I'm trying to read some json from a api page of a twitter firehose. In the tweets I download there are many no english character. eg:

"text":"Vaccini: perch\u00e9 fare l\u2019esavalente quando gli obbligatori sono solo quattro? http://t.co/dLdzoXOUUK via @wireditalia"

When I import the tweets data via readLines in R and print it I see:

\\"text\\":\\"Vaccini: perch\\u00e9 fare l\\u2019esavalente quando gli obbligatori sono solo quattro? http://t.co/dLdzoXOUUK via @wireditalia\\"

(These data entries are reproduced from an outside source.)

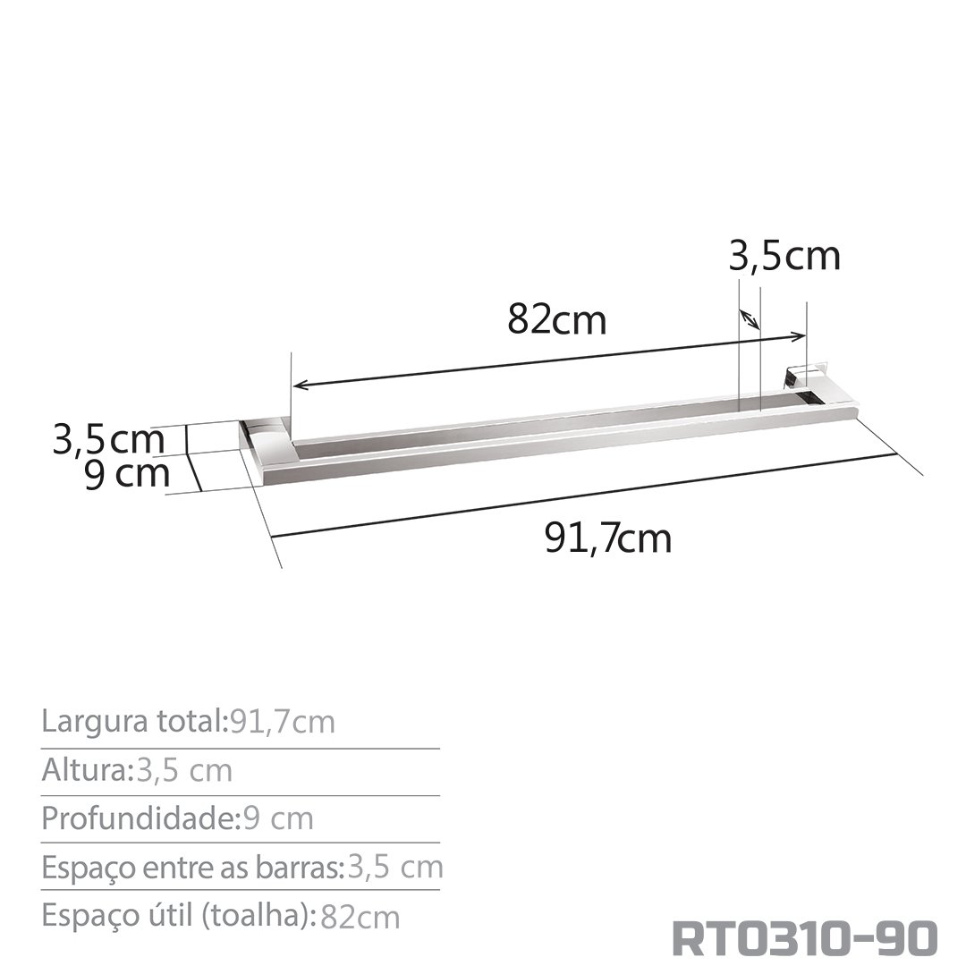 Informações gerais do produto: Toalheiro Duplo 90 cm, utilizado para pendurar toalhas maiores e de casal.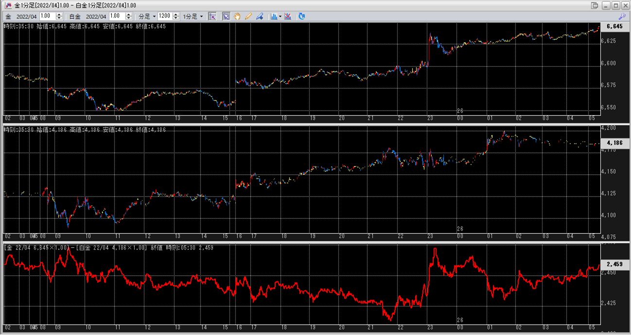 鞘拡大の仕掛けである金買い-白金売りを増やせる機会を待ちたいと思います。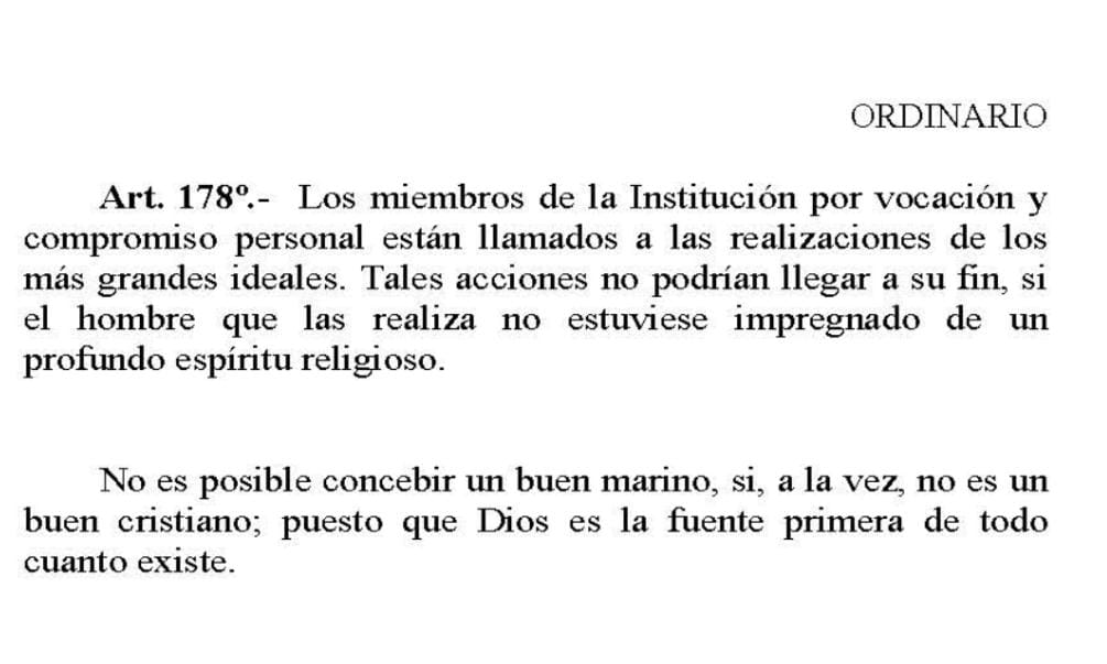 Rendón, señaló que «entre las normas indicadas en la referida Ordenanza figura, por ejemplo, el art. 178 que establece: «No es posible concebir un buen marino si, a la vez, no es un buen cristiano».
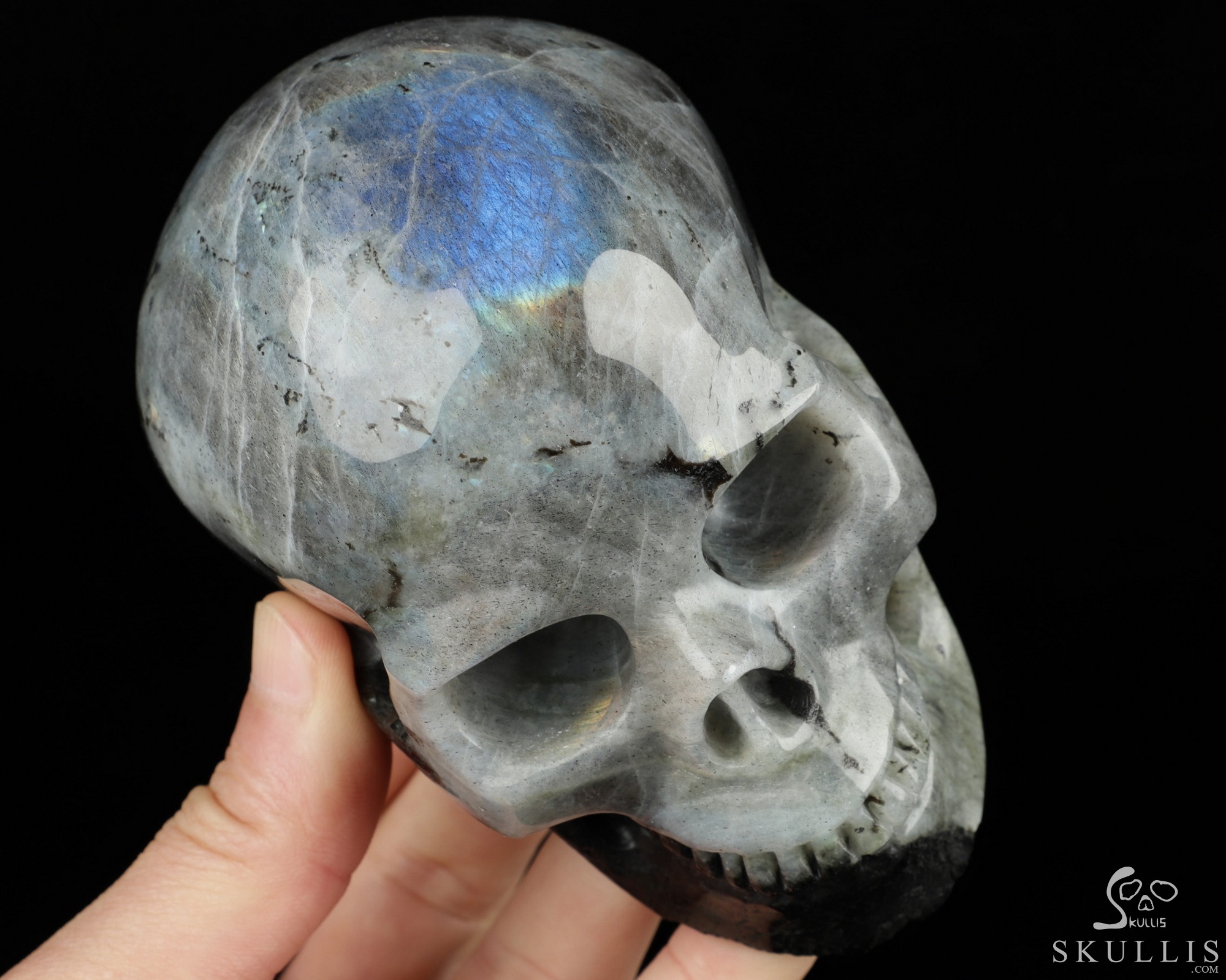 5.0" Flash Labradorite Hand Carved Crystal Skull, Super Realistic, Crystal Healing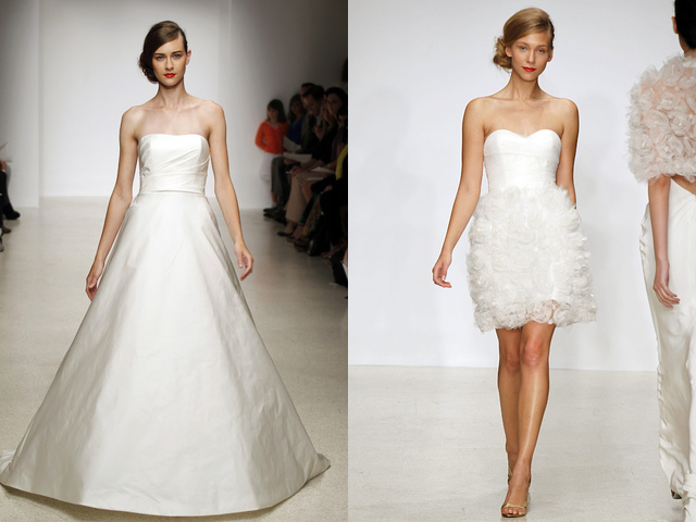 Las propuestas que más me han gustado para la próxima temporada de bodas 2013 han sido las de Amsale, que mezcla líneas clásicas, con vestidos cortos; y diseños con corte imperio y faldas con caídas muy favorecedoras.
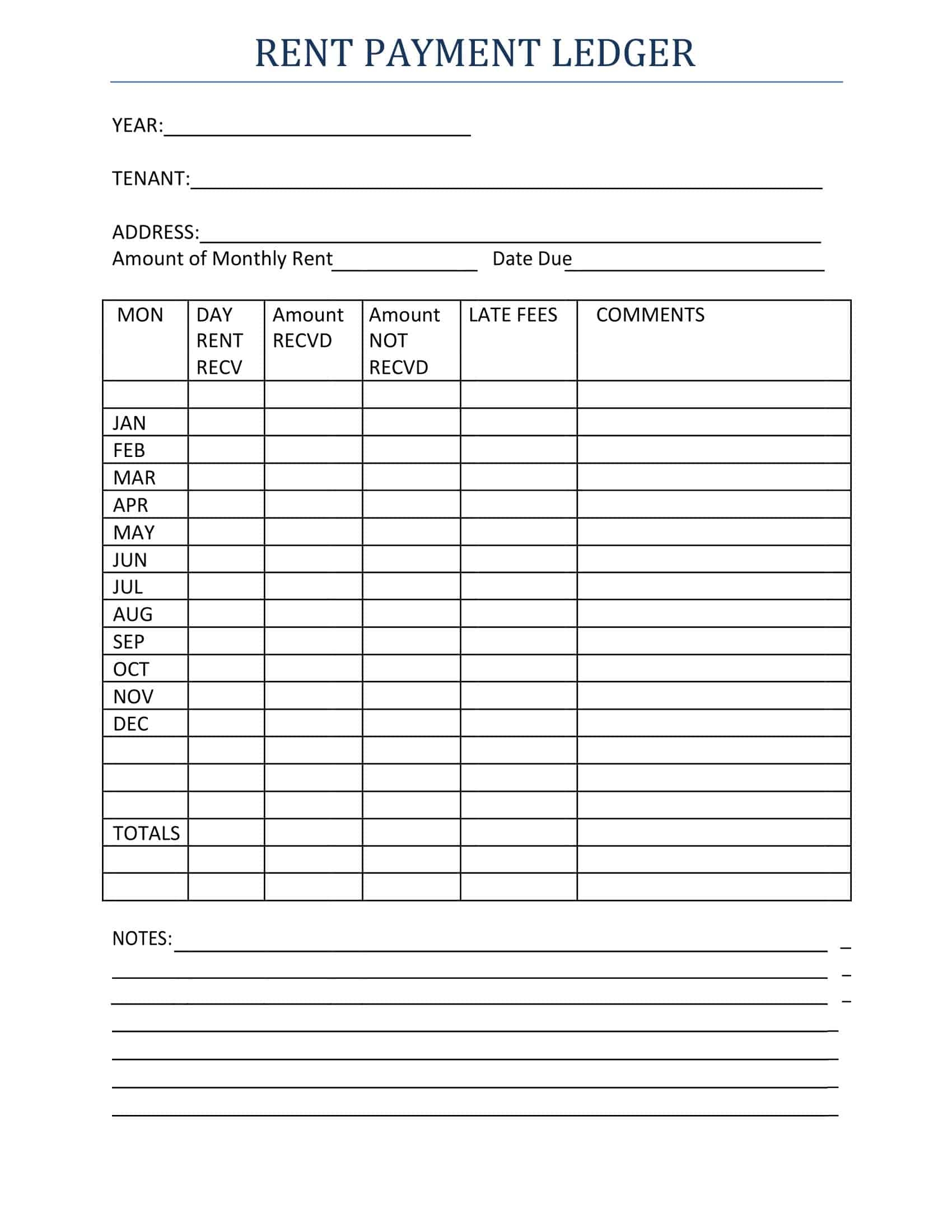Free Printable Rental Ledger Template Excel Word PDF Google Sheets

So, both backslashes and quotes are escaped. If I print only using cat() the escaping is not there anymore. So I thought a problem with print(). But when I parsed it with fromJSON I see that strings like \u00e9 become \xe9. I tried to understand why and by some test I noticed that

fromJSON('["\\u00e9"]') 

prints

"\xe9"

and

fromJSON('["\\u2019"]') 

prints

"\031"

instead of respectively "'" and "é", as it should. So jsonlite::fromJSON misinterpretate those double backslashes.

But the problem is the double backslashes themselves! Why R escapes everything in first place? I cannot even gsub('\u', '\u', text, fixed=T) but it returns:

Error: '\u' used without hex digits in character string starting "'\u"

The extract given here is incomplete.